WHAT YOU WILL DO =>
Pictures in the entries below are excluded; copy only the lines from the one containing "Помогите сыграть Санте" to the one containing "BLACK SMALL TRENDY", both included.

Records from a dataset
==================================================

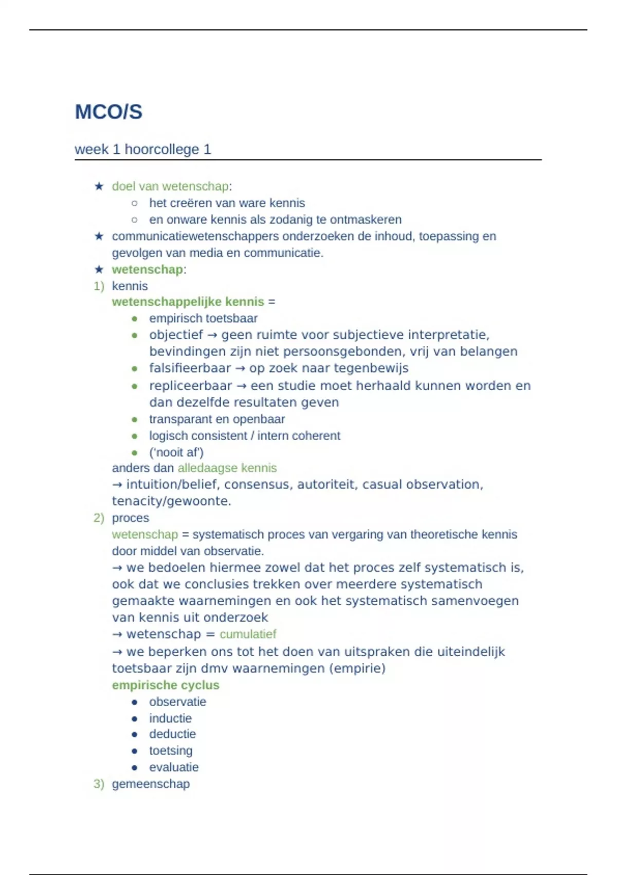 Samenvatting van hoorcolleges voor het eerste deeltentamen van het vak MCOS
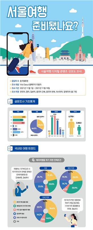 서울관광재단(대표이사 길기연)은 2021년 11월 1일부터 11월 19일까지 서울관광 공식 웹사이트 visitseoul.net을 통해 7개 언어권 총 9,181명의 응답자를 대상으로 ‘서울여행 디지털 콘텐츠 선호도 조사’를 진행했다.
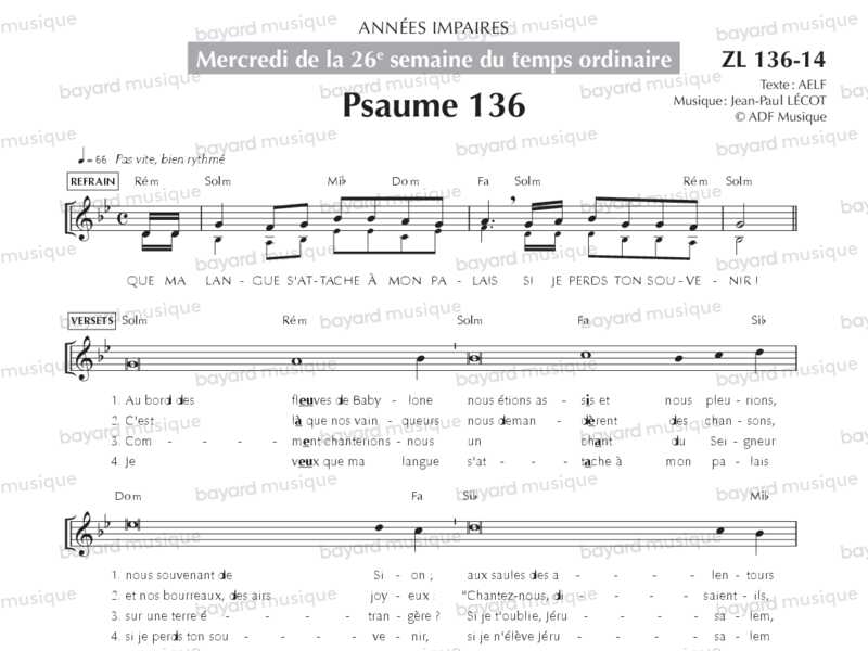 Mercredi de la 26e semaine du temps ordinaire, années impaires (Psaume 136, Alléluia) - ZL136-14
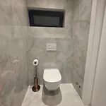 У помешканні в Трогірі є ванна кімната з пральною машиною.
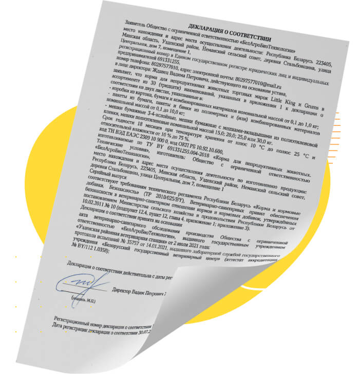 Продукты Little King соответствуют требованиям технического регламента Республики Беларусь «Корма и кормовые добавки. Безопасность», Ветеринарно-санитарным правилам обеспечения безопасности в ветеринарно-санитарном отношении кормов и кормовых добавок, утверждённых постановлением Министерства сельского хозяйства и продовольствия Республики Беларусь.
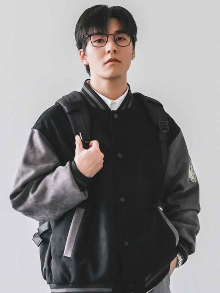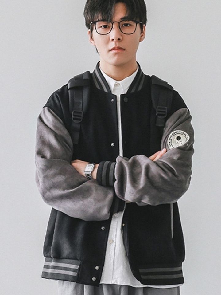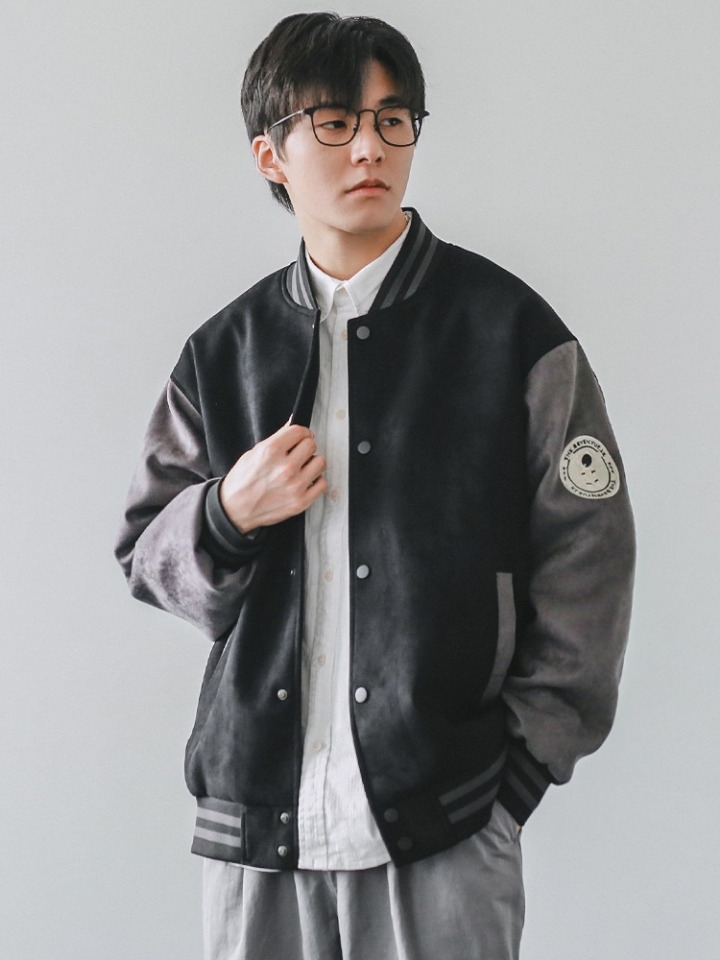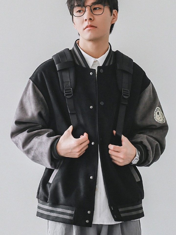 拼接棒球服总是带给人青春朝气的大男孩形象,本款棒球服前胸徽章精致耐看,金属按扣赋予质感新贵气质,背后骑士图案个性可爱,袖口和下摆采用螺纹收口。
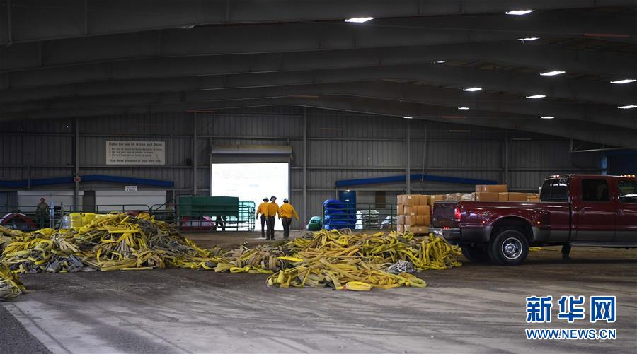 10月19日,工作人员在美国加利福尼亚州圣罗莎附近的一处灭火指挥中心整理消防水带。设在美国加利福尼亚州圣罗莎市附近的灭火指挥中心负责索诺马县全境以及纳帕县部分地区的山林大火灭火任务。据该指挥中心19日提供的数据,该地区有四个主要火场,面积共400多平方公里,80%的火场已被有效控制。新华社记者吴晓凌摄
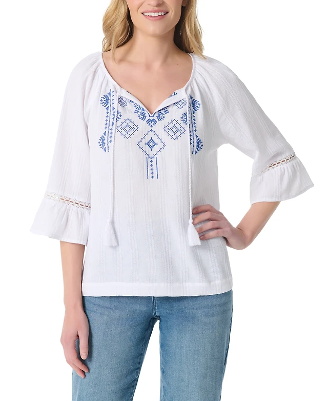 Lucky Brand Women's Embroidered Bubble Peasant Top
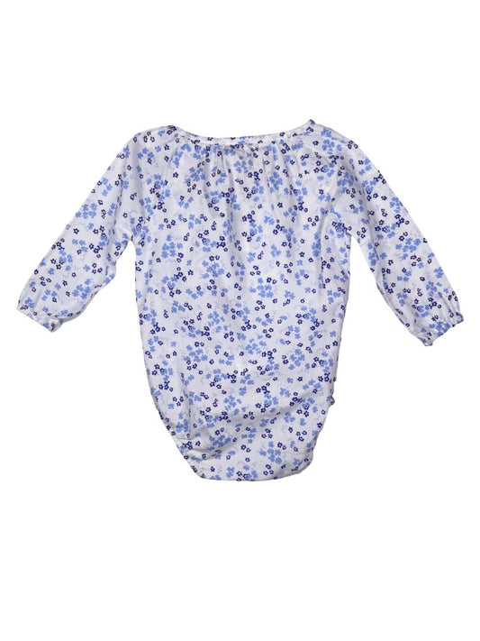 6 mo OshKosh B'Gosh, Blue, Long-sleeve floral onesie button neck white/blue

==================================================

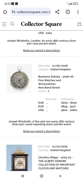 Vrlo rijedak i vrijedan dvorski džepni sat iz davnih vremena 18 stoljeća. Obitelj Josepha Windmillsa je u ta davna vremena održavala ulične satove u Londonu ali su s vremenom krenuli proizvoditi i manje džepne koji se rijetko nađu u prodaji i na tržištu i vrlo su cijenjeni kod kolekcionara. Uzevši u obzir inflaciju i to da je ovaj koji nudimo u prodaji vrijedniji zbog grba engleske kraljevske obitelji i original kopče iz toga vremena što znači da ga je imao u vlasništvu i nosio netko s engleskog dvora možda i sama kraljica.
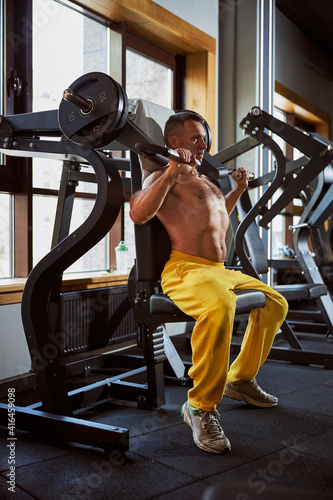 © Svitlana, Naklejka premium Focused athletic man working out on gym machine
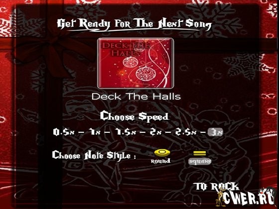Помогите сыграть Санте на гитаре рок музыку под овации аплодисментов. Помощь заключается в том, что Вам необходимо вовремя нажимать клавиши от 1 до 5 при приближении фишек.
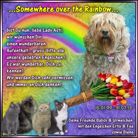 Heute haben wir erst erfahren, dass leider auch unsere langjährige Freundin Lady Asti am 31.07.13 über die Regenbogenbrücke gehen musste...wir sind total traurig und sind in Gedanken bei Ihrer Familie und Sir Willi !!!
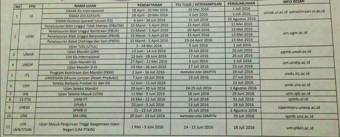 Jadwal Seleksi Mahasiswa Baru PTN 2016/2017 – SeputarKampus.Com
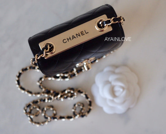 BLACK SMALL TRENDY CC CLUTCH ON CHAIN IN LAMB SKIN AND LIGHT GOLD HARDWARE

==================================================

ANSWER SECTION =>
Помогите сыграть Санте на гитаре рок музыку под овации аплодисментов. Помощь заключается в том, что Вам необходимо вовремя нажимать клавиши от 1 до 5 при приближении фишек.
 Heute haben wir erst erfahren, dass leider auch unsere langjährige Freundin Lady Asti am 31.07.13 über die Regenbogenbrücke gehen musste...wir sind total traurig und sind in Gedanken bei Ihrer Familie und Sir Willi !!!
 Jadwal Seleksi Mahasiswa Baru PTN 2016/2017 – SeputarKampus.Com
 BLACK SMALL TRENDY CC CLUTCH ON CHAIN IN LAMB SKIN AND LIGHT GOLD HARDWARE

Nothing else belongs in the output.